Old Overholt Straight Rye Whiskey, 80 proof (40%).
Made from at least 51 % rye, this type of whiskey was once the most common in states like Pennsylvania and Maryland. Although many brands disappeared after Prohibition, Old Overholt is still in production and has a history going back to 1810, when Abraham Overholt (pictured on the label) came up with his original straight rye recipe. Said to have been the favourite whiskey of both President Abraham Lincoln and legendary Wild West gunslinger Doc Holliday, it was later legally sold by prescription during Prohibition, as well as used as the medicinal whiskey of the US Navy in WWII. Now the brand is owned and distilled by the Beam company.
Rye whiskey has its very own character, distinctly different from Bourbon and needs to be enjoyed on its own terms. Although matured for four years, the colour is light gold without any deeper tones. The nose is totally lacking the corn sweetness you´ll find in a Bourbon, and is light with an early hint of wood, followed by the white pepper spiciness that is considered typical of rye whiskey. Somewhere in the middle you will also find a distinct eucalyptus note. Neat in a tasting glass you will get a dryness very different from Bourbon, light bodied with some white pepper and a short, dry finish. In a tumbler with an ice cube its light character is mostly diluted without contributing anything new. All in all I think this is an honest whiskey and a nice representative of its particular style, that seems to have stayed true to its heritage in spite of being produced by one of the largest commercial manufacturers in the US. I will probably have to get at least one more bottle of Old Overholt, if nothing else to try to get hold of Peychaud´s bitters and absinthe to make a Sazerac. Attentive viewers of great series “Treme” might remember a scene involving said cocktail, fictional chef Jeanette Desautel and the face of real life food critic Alan Richman. Great stuff.
George Dickel No 12, Tennessee Sippin´Whisky, 90 proof (45%).
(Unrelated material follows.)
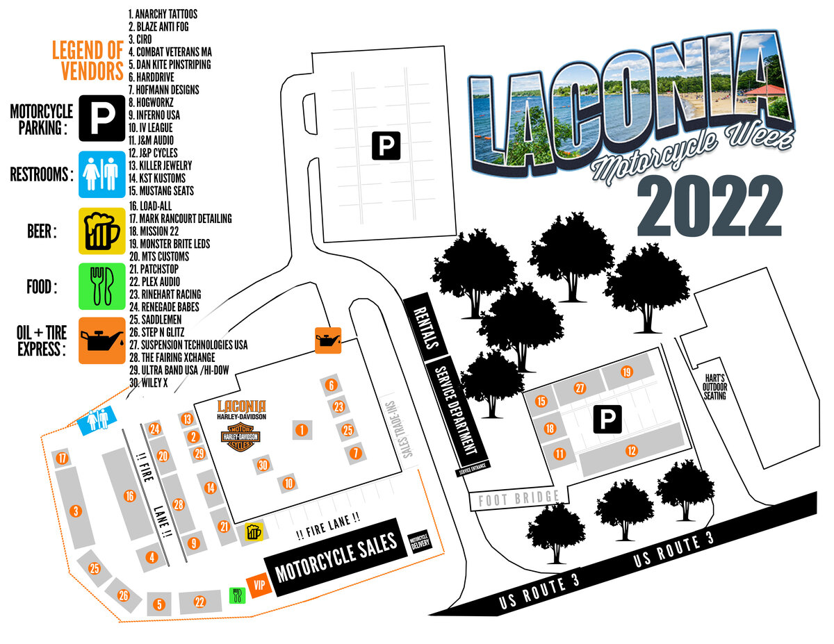 The complete list of vendors can be found on the Laconia Motorcycle Week Event Page, click here for more details.

Founded in 1870 in Cascade Hollow near Tullahoma, Tennessee, the Dickel distillery went through the usual tribulations during the Prohibition years, finally ending up in the ownership of the Diageo company. While still manufactured in Cascade Hollow using water from Cascade Spring, the bottling takes place elsewhere. Legend has it that George Dickel noticed that whisky made during the winter was better than the ones made in summertime. This led him to what was called the cold chilling process, meaning that the whisky was chilled in order to filter out unwanted oils and fatty acids before mellowing with maple charcoal (the so called Lincoln County Process). Unlike Jack Daniels that lets the whiskey drip through the charcoal, George Dickel steeps it in a charcoal-filled vat before letting it mature in new American oak barrels, claiming to give a more smooth whisky. Actually, Dickel himself felt that his whisky was smooth enough for it to compare favorably to Scottish whisky, thus the different spelling from other American whiskeys.
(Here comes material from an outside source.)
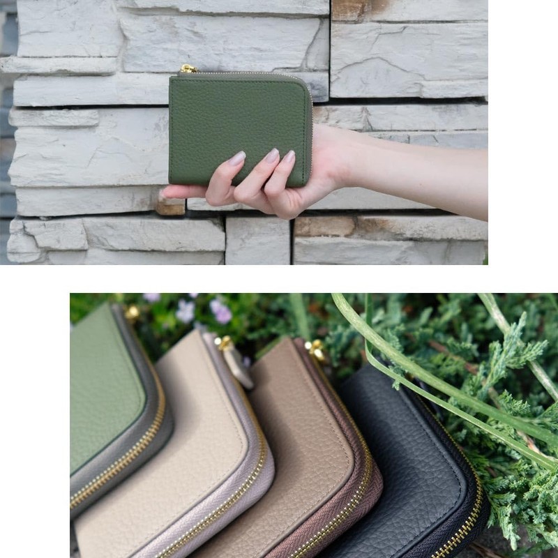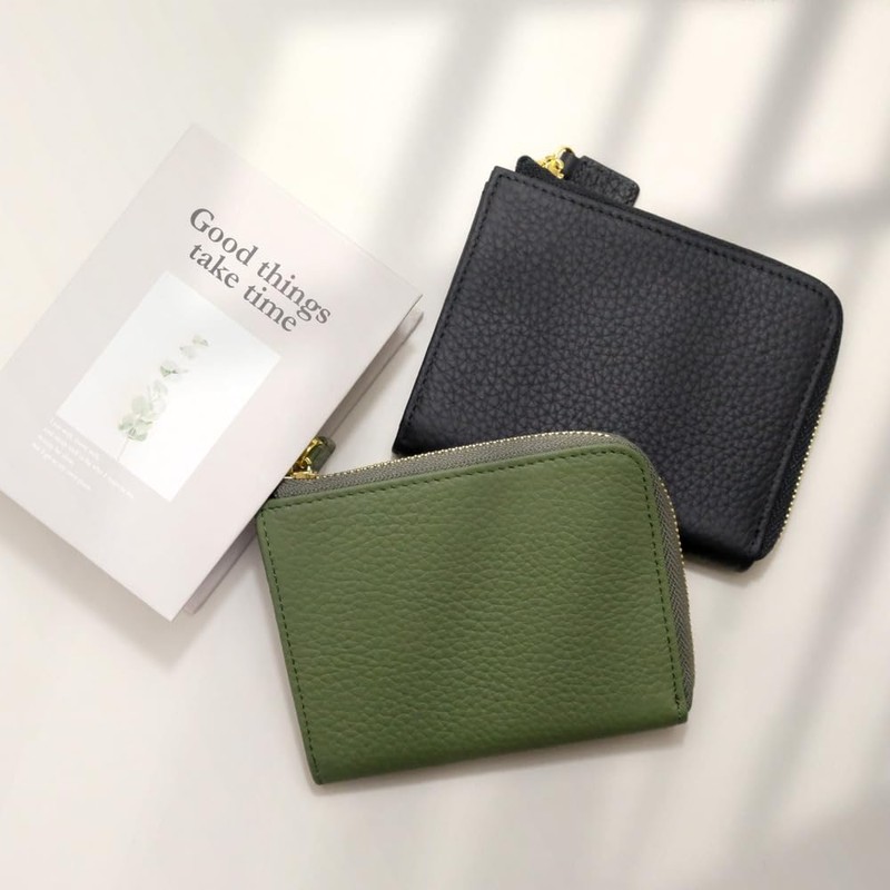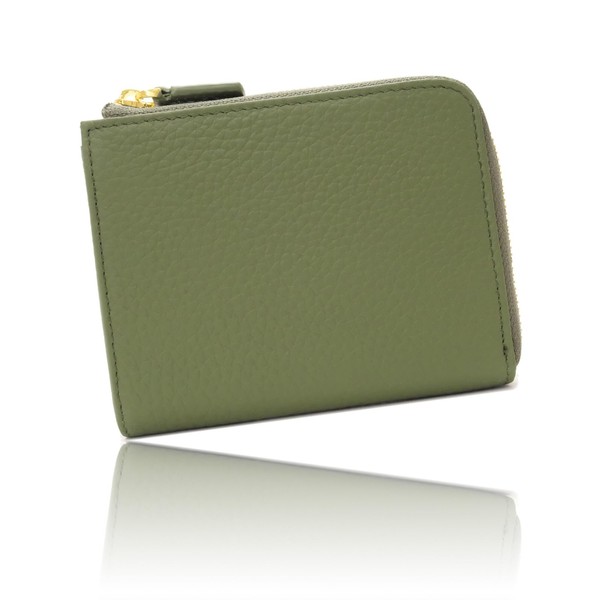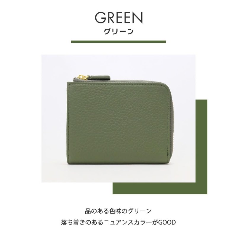 BEEL Women's Mini Wallet, Genuine Leather, Coin Case, L-Shaped Zipper, Stylish, Thin, green

The design of the bottles are in a simple style creating the feel of an old bottle of whisky that wouldn´t look out of place in Al Swearengen´s saloon in Deadwood. Four years of barrel maturation gives the whisky a pleasant light amber colour. The nose is dominated by a very nice and full maple sugar and honey sweetness that goes on for a long time. Very intense and pure. The taste is equally full and with a characteristic maple sweetness followed by aromatic and complex vanilla and oak tones in the finish. In a tumbler with ice you get a nose with more pronounced vanilla sweetness and a slightly less full taste that reveals some light smokiness in the finish.This is without a doubt a very well made whisky that´s both pleasing and complex, with a well-defined character making it an excellent representative of Tennessee whisky.
George Dickel No 8, Tennessee Sour Mash Whisky, 80 proof (40%).
Another distillate from the same producer. This time made in the sour mash Bourbon tradition, but still with the George Dickel cold chilling and charcoal mellowing method. Amber colour, a sweet corn and maple sugar/honey nose that´s much simpler than the more complex No 12, but still full and satisfying. Definitely lighter in taste than the No 12, but with a pleasing dryness and a finish of new oak. Iced in a tumbler the sweetness is accentuated while sacrificing a lot of the complexity. Definitely enjoyable but less characteristic than the no 12.